A Russian 'spy whale' is having too much fun to leave Norway

"The whale was really friendly and came up to us and started opening its mouth, and just checking us out," a Norwegian official said.


LONDON — This suspected Russian spy is having a whale of a time in Norway.

A beluga whale — found in Arctic Norway with a camera harness strapped to its head — has been joyously seeking out human contact and is in no hurry to swim back to Mother Russia, or anywhere for that matter.

"The whale was really friendly and came up to us and started opening its mouth, and just checking us out," said Jorgen Ree Wiig, an official with the Norwegian Directorate of Fisheries. "We were trying to talk to it."

Wiig told NBC News he's rarely seen a whale so confidently seeking out human interaction: "That’s really untypical."

The whale became a worldwide espionage sensation after Norweigan fishermen first spotted it last week with a harness wrapped near its head.

Upon closer inspection, it turned out to be a harness that could have fitted a small camera, marked with the words “Equipment St Petersburg,” raising suspicions the whale was working as a Kremlin spy.

More likely, Wiig theorized, this whale is from a notorious whale operation in Siberia that once trapped massive maritime mammals for sale to aquariums.
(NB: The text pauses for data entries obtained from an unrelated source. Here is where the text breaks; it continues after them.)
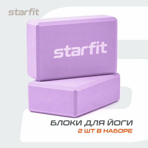 Блок для йоги STARFIT YB-200 EVA, 8 см, 115 гр, 22,5х15 см, фиолетовый пастель, 2 шт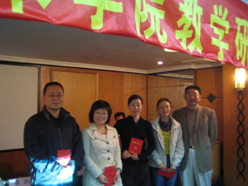 大会表彰了信息学院06—07年度获得“优秀教师”、“优秀本科生导师”,以及“优秀教学奖暨加德士奖”等荣誉的教师们。孙家和为马庆华、蒋盛益、何海燕等21位获奖教师颁发了证书。接下来,在本科教学建设中取得了突出成绩的7位教师代表先后发言。
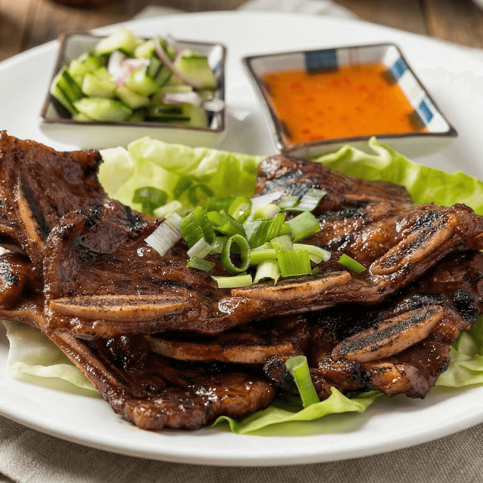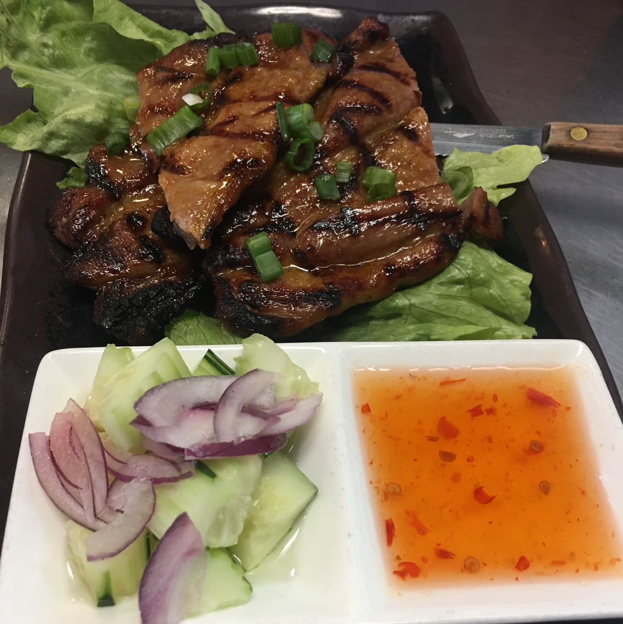 Marinated tender meat with house special sauce, served with cucumber, and sweet and sour sauce on the side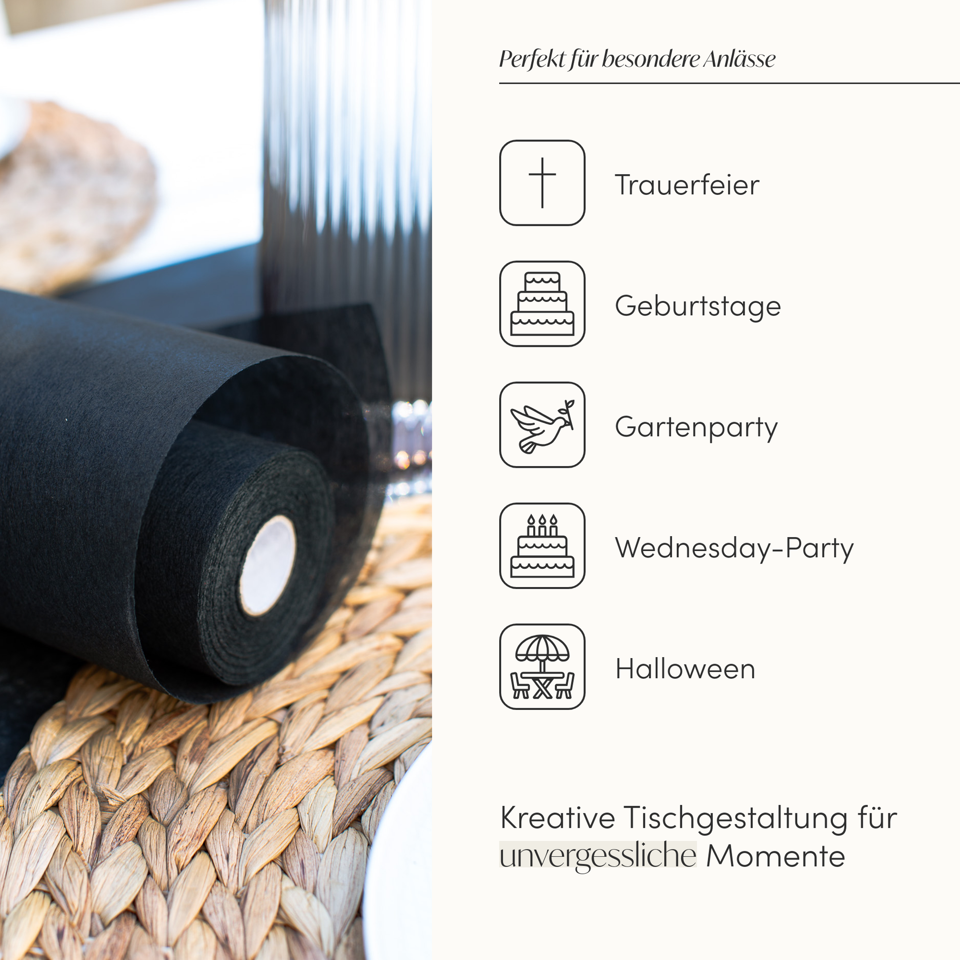 Unser Vlies Tischläufer in strahlendem Schwarz verleiht deinen festlichen Anlässen eine erfrischende Eleganz. Der halbtransparente Einwegtischläufer ist die perfekte Basis, um mit deiner DIY Tischdeko unvergessliche Momente zu kreieren.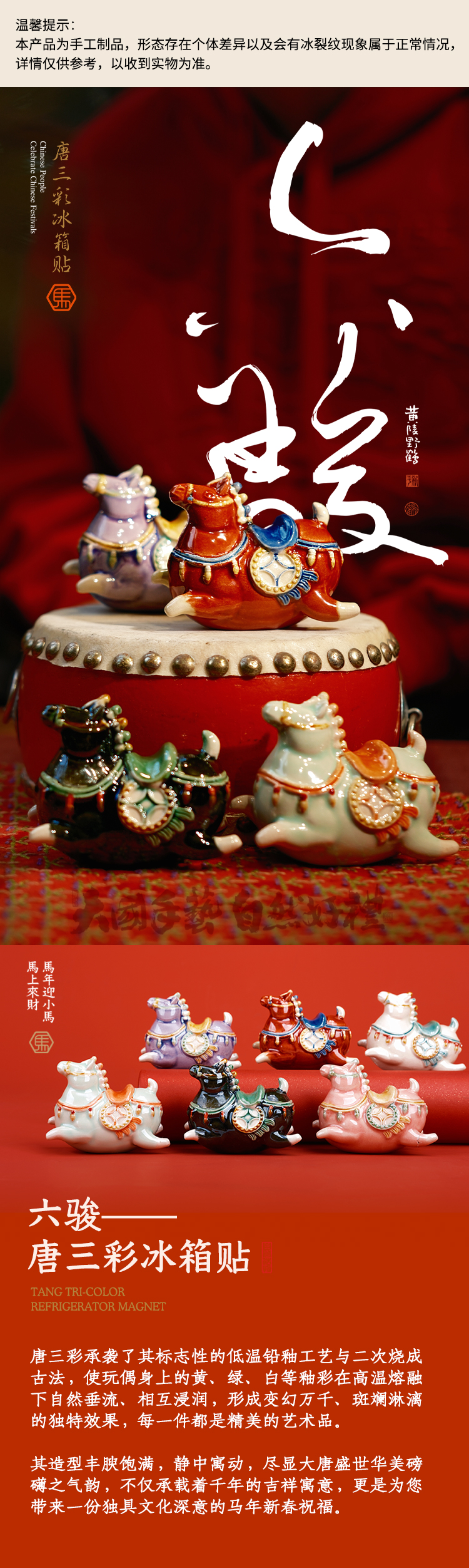 自然造物马年唐三彩冰箱贴陶瓷磁吸马上来财新年摆件生日礼物文创

That so-called "whale jail" has since been disbanded with its operators haphazardly dumping evidence.

"I don’t know if you’ve heard about the whale sanctuary in Siberia, it’s a whale sanctuary that was a little bit illegal I think, and it was shut down because it caught a lot of whales last year, like orcas and belugas," Wiig explained.

"Yeah, and it was gonna be like prosecuted by the Russian government. So this whale might also be, like somebody had it in a containment and they got afraid and just let it loose because they didn’t want to be prosecuted."

Biologists hope the best for this personable whale, and hope it meets with a better fate than Keiko, the orca, which was the star of the 1993 hit movie "Free Willy."

Keiko, which was aquarium-raised, was freed in Iceland but couldn't fully adapt to the wild and died less than 1 1/2 years later near Norway.

"That was a whale that lived in captivity for almost its whole life and it was released and then it went to Norway and then it died after a while," Wiig said. "So I hope that doesn’t happen here, of course."

Tony Brown reported from London, David K. Li reported from New York.

Correction (May 3, 2019, 07.00 a.m. ET): An earlier version of this article misstated what the whale was wearing. It was found with a camera harness strapped around its head; the harness did not include a camera.